WASHINGTON — Florida is building a detention facility for migrants nicknamed “Alligator Alcatraz,” turning an airfield in the Everglades into the newest — and scariest-sounding — holding center designed to help the Trump administration carry out its immigration crackdown.
The remote facility, comprised of large tents, and other planned facilities will cost the state around $450 million a year to run, but Florida can request some reimbursement from the Federal Emergency Management Agency, said Tricia McLaughlin, a spokesperson for the Department of Homeland Security.
Florida’s attorney general, James Uthmeier, a Trump ally who has pushed to build the detention center in the Everglades, has said the state will not need to invest much in security because the area is surrounded by dangerous wildlife, including alligators and pythons. A spokesperson for the attorney general said work on the new facility started on Monday morning.

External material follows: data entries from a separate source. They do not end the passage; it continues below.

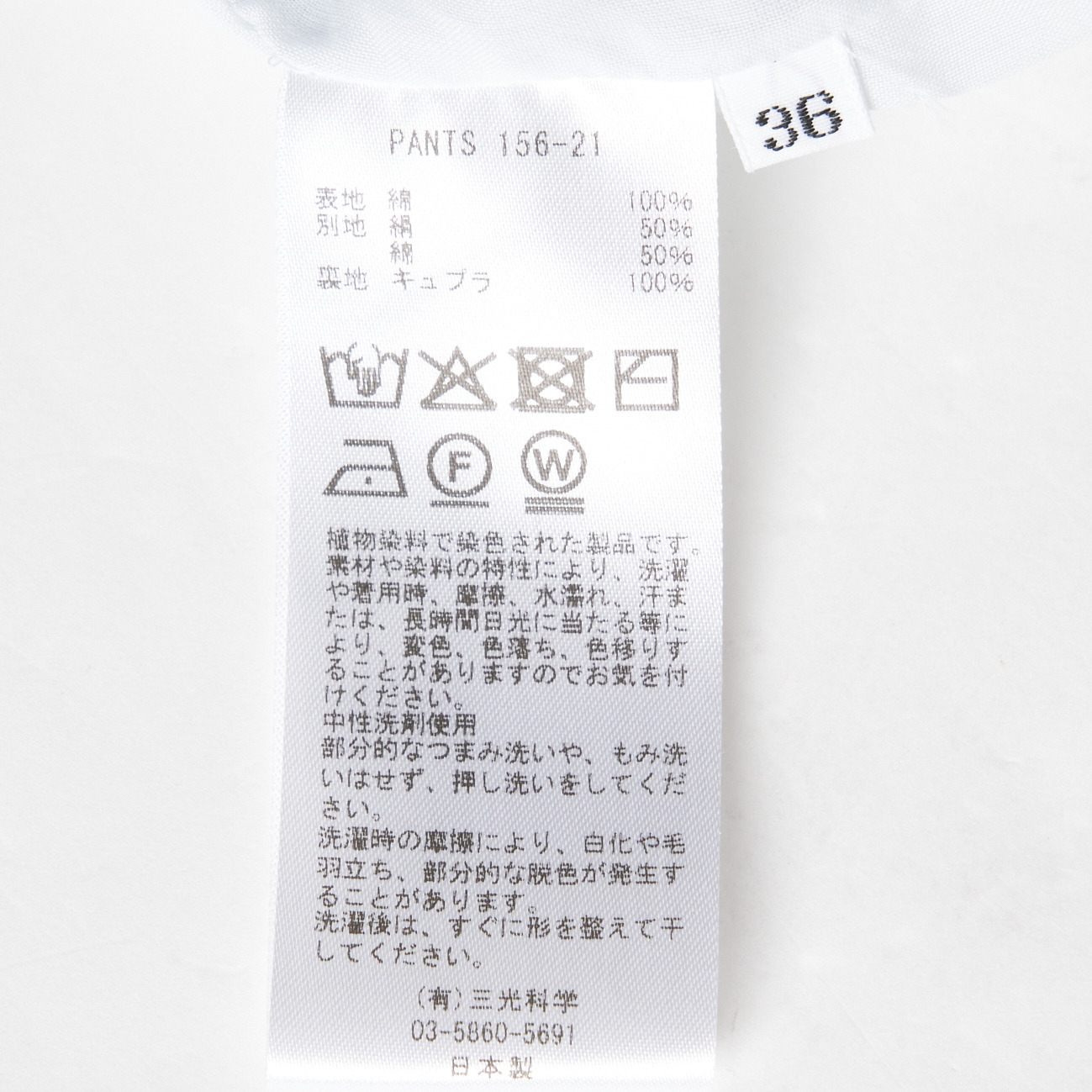 素材 : 表地:綿100% 別地:絹50%,綿50% 裏地:キュプラ100%
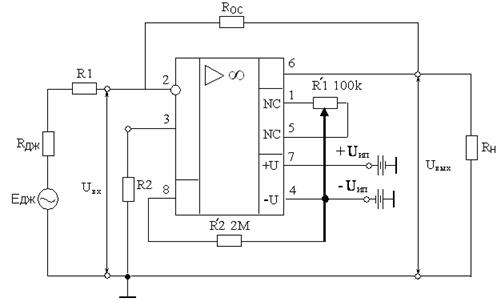 Рассчитать инвертирующий и неинвертирующий усилители на операционном усилителе (ОУ). Схема должна содержать цепи частотной коррекции и балансировки нуля.
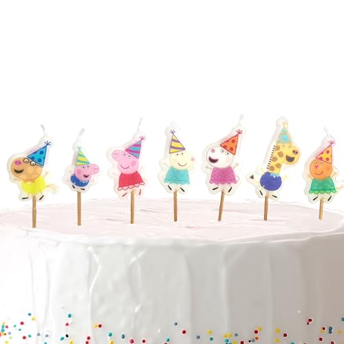 Amscan 9918346 – Peppa Pig Kindergeburtstag Partykerzen auf Holzplektren – 7 Stück
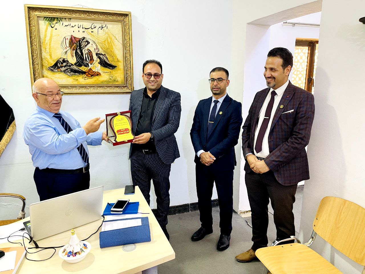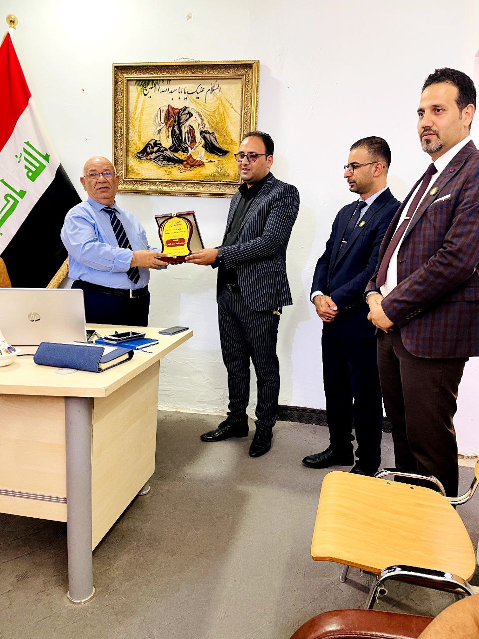 اذ قام السيد عميد الكلية أ.د عواد الخالدي المحترم بتسليمه الدرع نيابة عن الطلبة وبحضور كل من معاون العميد أ.م.د فهدي الشمري ورئيس القسم م.د محمد مجيد الحمداني ومقرر القسم م.د حسين محمد علي كشكول ومجموعة من طلبة المرحلة الاولى/ الدراسه المسائية
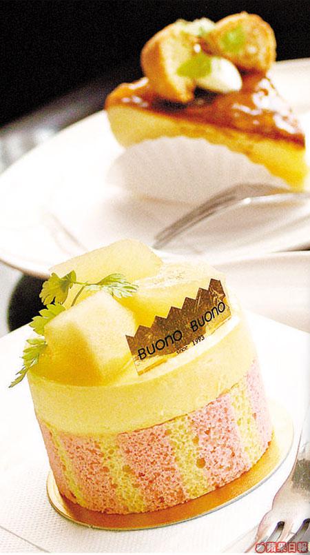 buonobuono置身在寧靜住宅區,全店面積不大,設計簡單,驟眼一看,好像沒甚裝潢。但只要細心留意,可見牆身經特地批盪,線條粗糙。天花吊着一把舊式風扇,就和香港古老的酒樓差不多。窗邊種着小盆栽,點綴環境。值得一提的是廚房幾乎和店面一樣大,只是簡單用木板相隔起來。年輕的做餅師馬不停蹄工作,只為令客人享用高質素的食品。來到這裏,必試最受歡迎的青蘋果芝士蛋糕,面頭鋪上鹹芝士,下層蛋糕紅綠相間,頂層再配上菠蘿,味道略酸,非常醒胃。
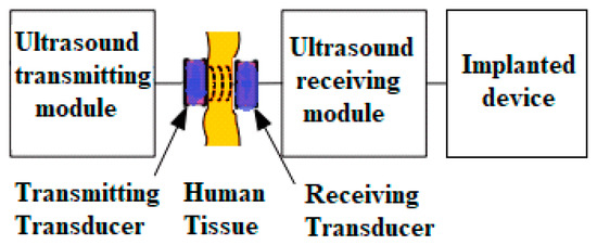 - Kawanabe, H.; Katane, T.; Saotome, H.; Saito, O.; Kobayashi, K. Power and Information Transmission to Implanted Medical Device Using Ultrasonic. Jpn. J. Appl. Phys. 2001, 40, 3865–3866. [Google Scholar] [CrossRef]
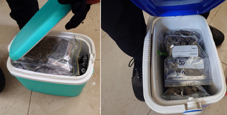 לאחר שהתקבל אישור לפעולה, הבלשים נכנסו לדירה וחשפו חומר החשוד כמריחואנה במשקל של כשבעה ק"ג, סיגריות, חומר חשוד כחשיש, ובקבוקונים עם שמן חשיש.
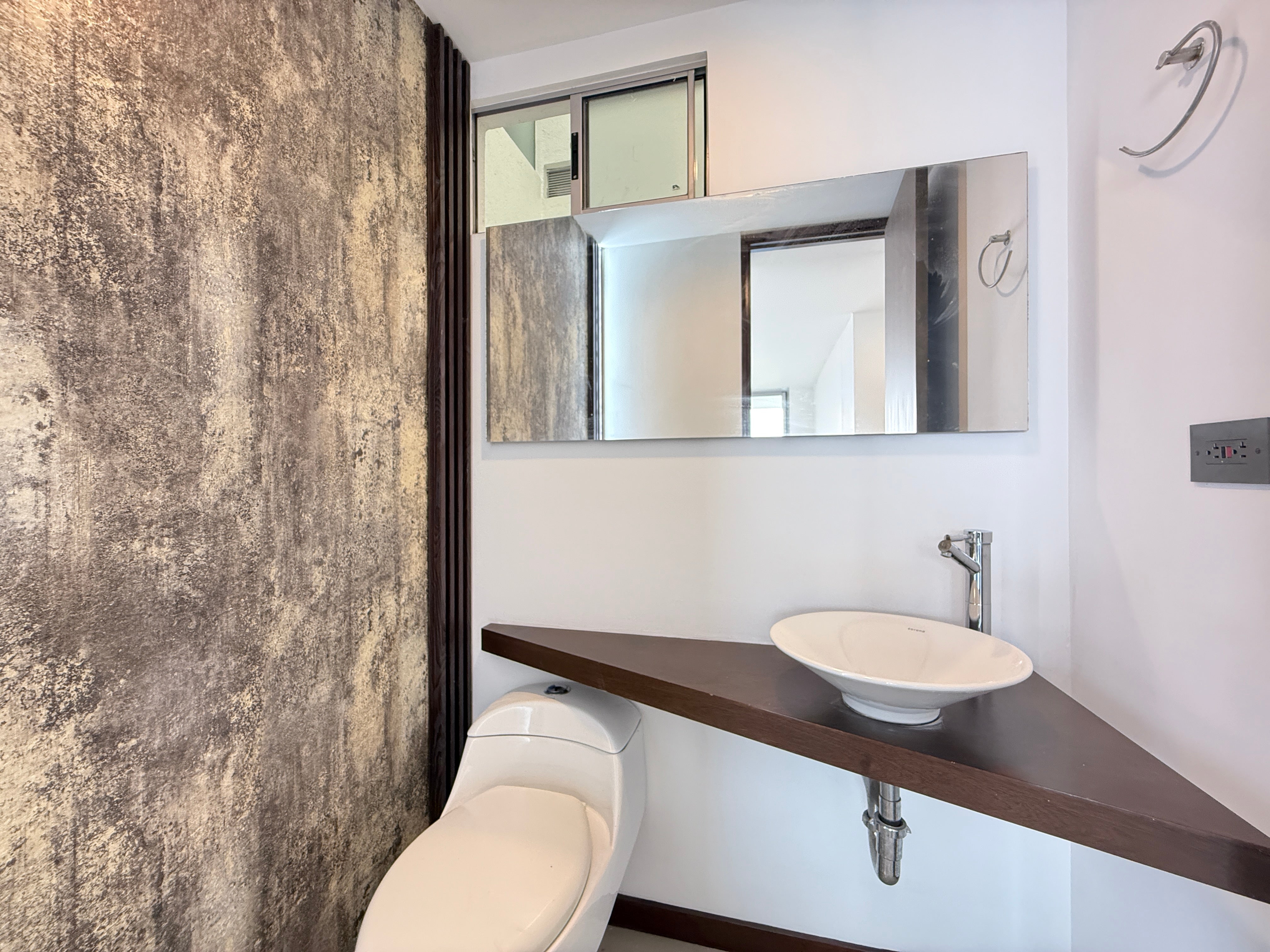 Cuenta con tres habitaciones, sala con salida al balcón, cocina integrada con acabados modernos y una práctica zona de ropas. Su distribución funcional permite disfrutar de ambientes amplios y confortables, ideales para quienes buscan bienestar y una ubicación privilegiada.

The project is sure to appeal to President Donald Trump, who talked repeatedly during his first term about building a moat along the southern border filled with alligators or snakes.
And since resuming office this year, Trump has already sent migrants to Guantánamo Bay, the symbol for America’s worst enemies, and to a megaprison in El Salvador.
The Everglades facility is part of a broader effort by the Trump administration to enlist local authorities to boost detention capacity and expand the number of officers around the country who can arrest immigrants living in the country illegally. The Trump administration has struggled to meet its mass deportations goals in part because of resource constraints.
It’s not clear how quickly the new detention center can be built.
McLaughlin said the goal is to have at least some of the tents up and running by July.
The Trump administration is currently holding about 55,000 immigrants, a spike from the end of the Biden administration, when Immigration and Customs Enforcement was holding about 40,000 people.
“Under President Trump’s leadership, we are working at turbo speed to deliver cost-effective and innovative ways to deliver on the American people’s mandate for mass deportations of criminal illegal aliens,” Kristi Noem, the homeland security secretary, said in a statement.
Immigrant advocates criticized the move, saying that it was creating a new form of detention outside the scope of the federal government. Mark Fleming, the associate director of federal litigation at the National Immigrant Justice Center, said it amounted to an “independent, unaccountable detention system.”